[Items listed in a dataset]

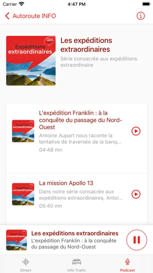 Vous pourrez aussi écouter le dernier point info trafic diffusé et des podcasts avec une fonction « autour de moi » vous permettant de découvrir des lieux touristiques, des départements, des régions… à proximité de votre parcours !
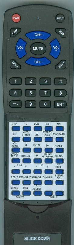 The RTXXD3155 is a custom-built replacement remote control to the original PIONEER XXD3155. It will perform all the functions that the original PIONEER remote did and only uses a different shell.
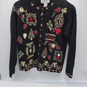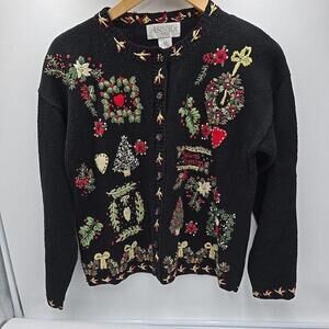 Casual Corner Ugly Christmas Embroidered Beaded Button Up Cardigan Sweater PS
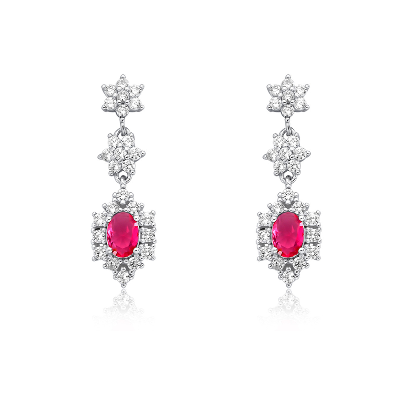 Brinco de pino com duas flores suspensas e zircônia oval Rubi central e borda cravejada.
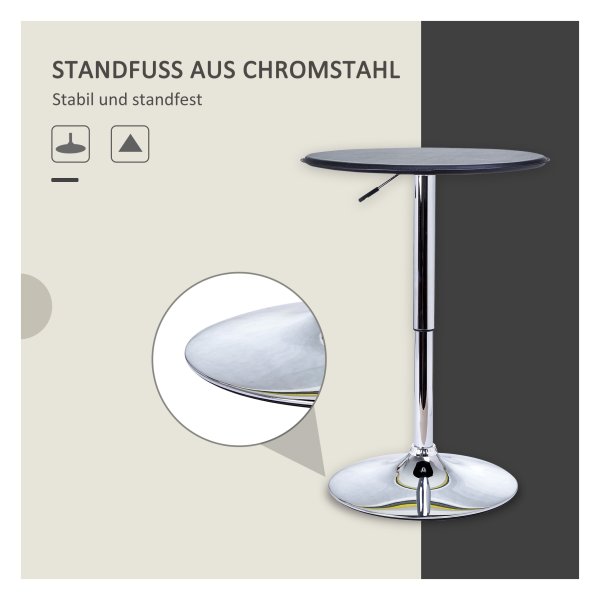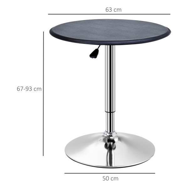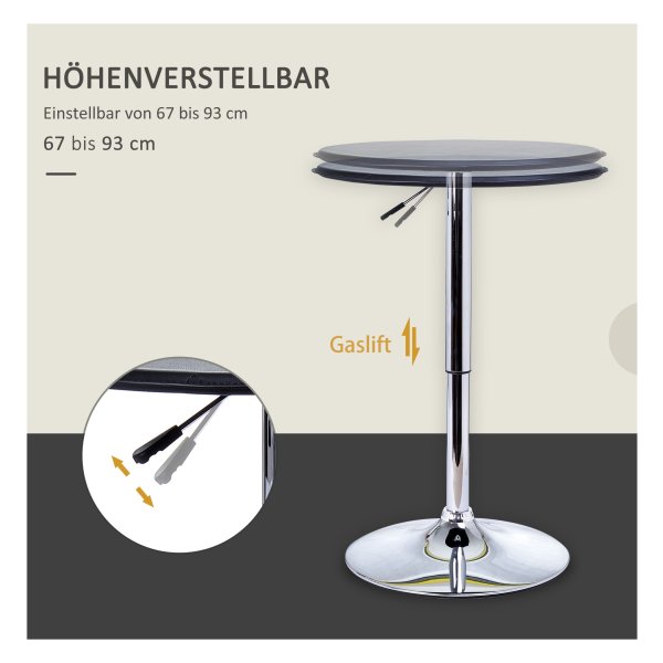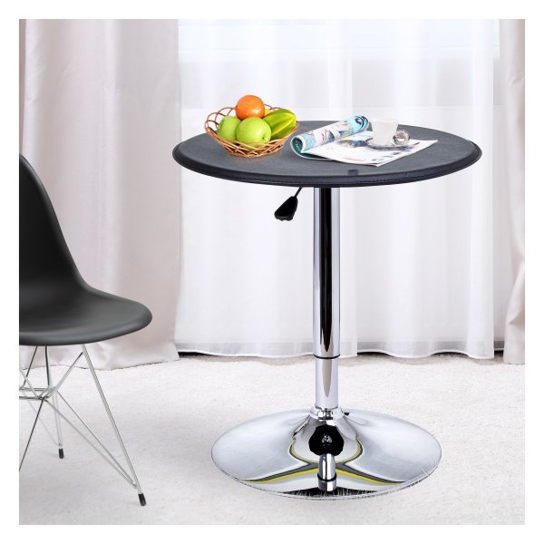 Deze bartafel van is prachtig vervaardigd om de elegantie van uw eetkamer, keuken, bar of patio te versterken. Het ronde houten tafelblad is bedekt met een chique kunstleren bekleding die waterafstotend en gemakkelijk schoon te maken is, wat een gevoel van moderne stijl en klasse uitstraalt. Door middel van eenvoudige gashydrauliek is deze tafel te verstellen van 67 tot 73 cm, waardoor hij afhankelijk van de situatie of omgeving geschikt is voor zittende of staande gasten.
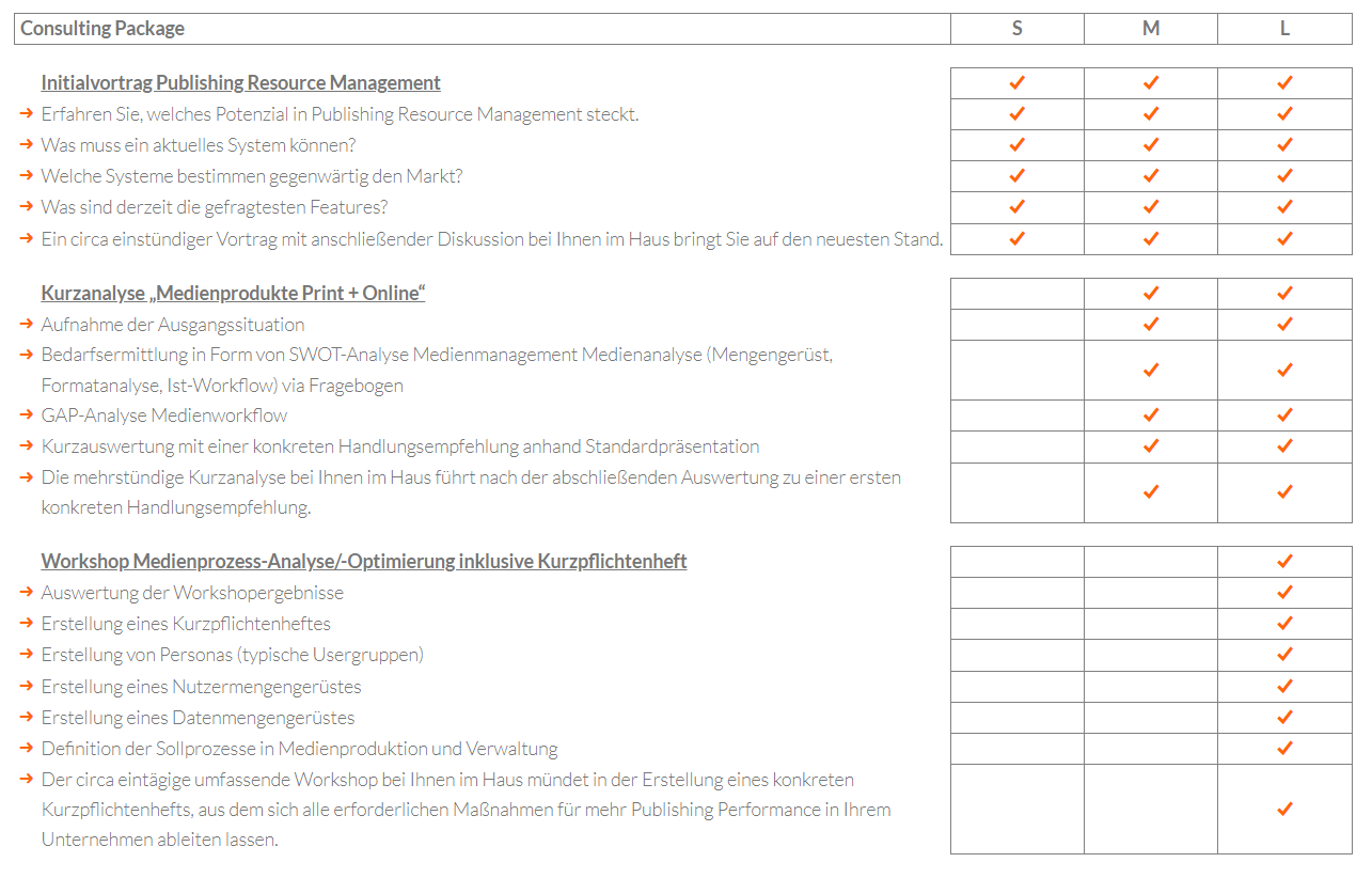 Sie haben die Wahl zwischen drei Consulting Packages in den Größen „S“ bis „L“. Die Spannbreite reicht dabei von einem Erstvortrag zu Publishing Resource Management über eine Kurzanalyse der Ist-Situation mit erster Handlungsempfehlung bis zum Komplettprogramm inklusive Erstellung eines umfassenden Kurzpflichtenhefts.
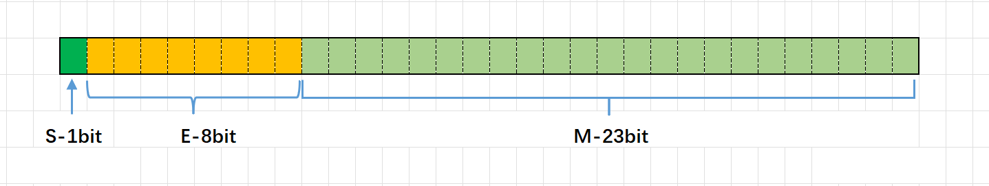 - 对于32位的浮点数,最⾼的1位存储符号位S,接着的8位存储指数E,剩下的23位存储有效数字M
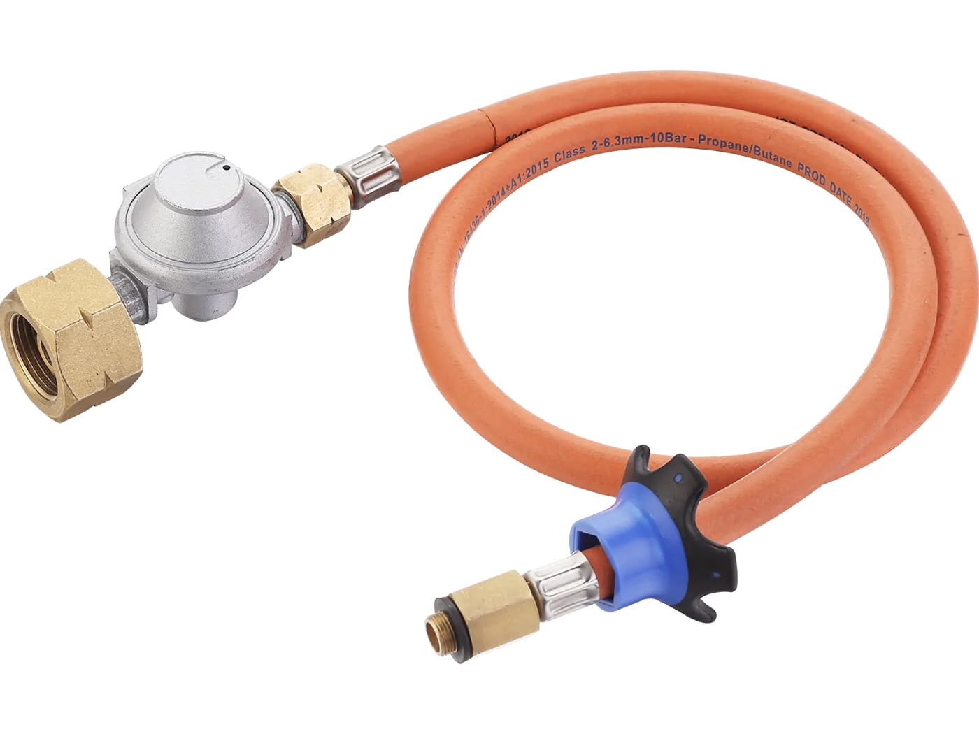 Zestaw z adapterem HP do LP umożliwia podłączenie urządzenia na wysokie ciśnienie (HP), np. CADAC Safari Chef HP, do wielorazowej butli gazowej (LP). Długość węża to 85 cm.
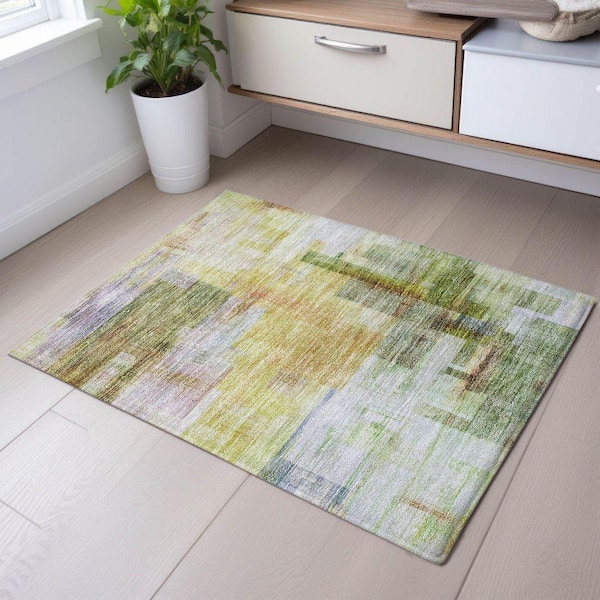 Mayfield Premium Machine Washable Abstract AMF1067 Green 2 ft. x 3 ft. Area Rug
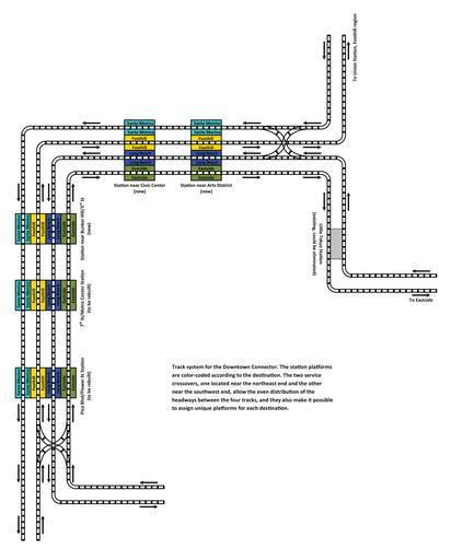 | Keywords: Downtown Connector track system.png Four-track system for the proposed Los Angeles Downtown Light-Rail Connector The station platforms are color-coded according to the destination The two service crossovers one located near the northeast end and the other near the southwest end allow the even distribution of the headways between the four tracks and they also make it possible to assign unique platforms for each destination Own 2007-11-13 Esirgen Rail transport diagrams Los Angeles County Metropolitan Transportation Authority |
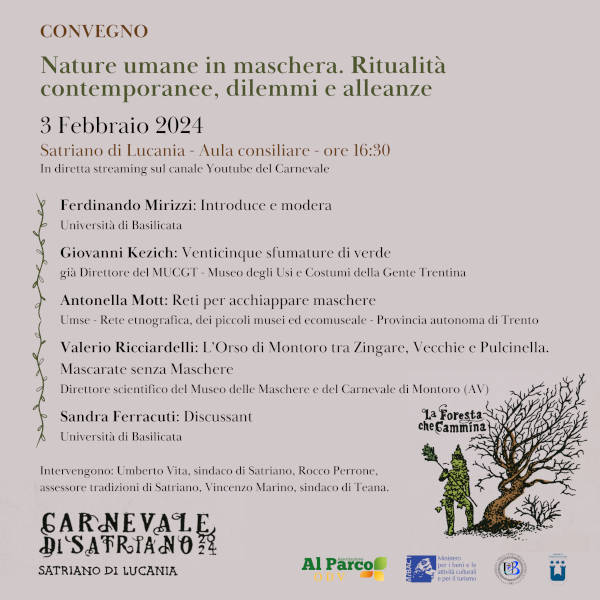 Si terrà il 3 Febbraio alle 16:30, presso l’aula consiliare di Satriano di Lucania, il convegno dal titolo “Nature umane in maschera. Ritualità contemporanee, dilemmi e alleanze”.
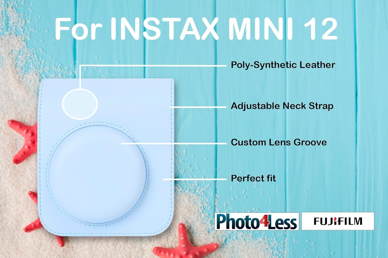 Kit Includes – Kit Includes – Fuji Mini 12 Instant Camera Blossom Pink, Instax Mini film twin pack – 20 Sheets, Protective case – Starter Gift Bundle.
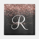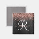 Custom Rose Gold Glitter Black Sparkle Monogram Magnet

**WHAT IS EXPECTED:** The expected output is each entry given again word for word, with pictures dropped.

**EXERCISE SOLUTION:**
 Vous pourrez aussi écouter le dernier point info trafic diffusé et des podcasts avec une fonction « autour de moi » vous permettant de découvrir des lieux touristiques, des départements, des régions… à proximité de votre parcours !
 The RTXXD3155 is a custom-built replacement remote control to the original PIONEER XXD3155. It will perform all the functions that the original PIONEER remote did and only uses a different shell.
 Casual Corner Ugly Christmas Embroidered Beaded Button Up Cardigan Sweater PS
 Brinco de pino com duas flores suspensas e zircônia oval Rubi central e borda cravejada.
 Deze bartafel van is prachtig vervaardigd om de elegantie van uw eetkamer, keuken, bar of patio te versterken. Het ronde houten tafelblad is bedekt met een chique kunstleren bekleding die waterafstotend en gemakkelijk schoon te maken is, wat een gevoel van moderne stijl en klasse uitstraalt. Door middel van eenvoudige gashydrauliek is deze tafel te verstellen van 67 tot 73 cm, waardoor hij afhankelijk van de situatie of omgeving geschikt is voor zittende of staande gasten.
 Sie haben die Wahl zwischen drei Consulting Packages in den Größen „S“ bis „L“. Die Spannbreite reicht dabei von einem Erstvortrag zu Publishing Resource Management über eine Kurzanalyse der Ist-Situation mit erster Handlungsempfehlung bis zum Komplettprogramm inklusive Erstellung eines umfassenden Kurzpflichtenhefts.
 - 对于32位的浮点数,最⾼的1位存储符号位S,接着的8位存储指数E,剩下的23位存储有效数字M
 Zestaw z adapterem HP do LP umożliwia podłączenie urządzenia na wysokie ciśnienie (HP), np. CADAC Safari Chef HP, do wielorazowej butli gazowej (LP). Długość węża to 85 cm.
 Mayfield Premium Machine Washable Abstract AMF1067 Green 2 ft. x 3 ft. Area Rug
 | Keywords: Downtown Connector track system.png Four-track system for the proposed Los Angeles Downtown Light-Rail Connector The station platforms are color-coded according to the destination The two service crossovers one located near the northeast end and the other near the southwest end allow the even distribution of the headways between the four tracks and they also make it possible to assign unique platforms for each destination Own 2007-11-13 Esirgen Rail transport diagrams Los Angeles County Metropolitan Transportation Authority |
 Si terrà il 3 Febbraio alle 16:30, presso l’aula consiliare di Satriano di Lucania, il convegno dal titolo “Nature umane in maschera. Ritualità contemporanee, dilemmi e alleanze”.
 Kit Includes – Kit Includes – Fuji Mini 12 Instant Camera Blossom Pink, Instax Mini film twin pack – 20 Sheets, Protective case – Starter Gift Bundle.
 Custom Rose Gold Glitter Black Sparkle Monogram Magnet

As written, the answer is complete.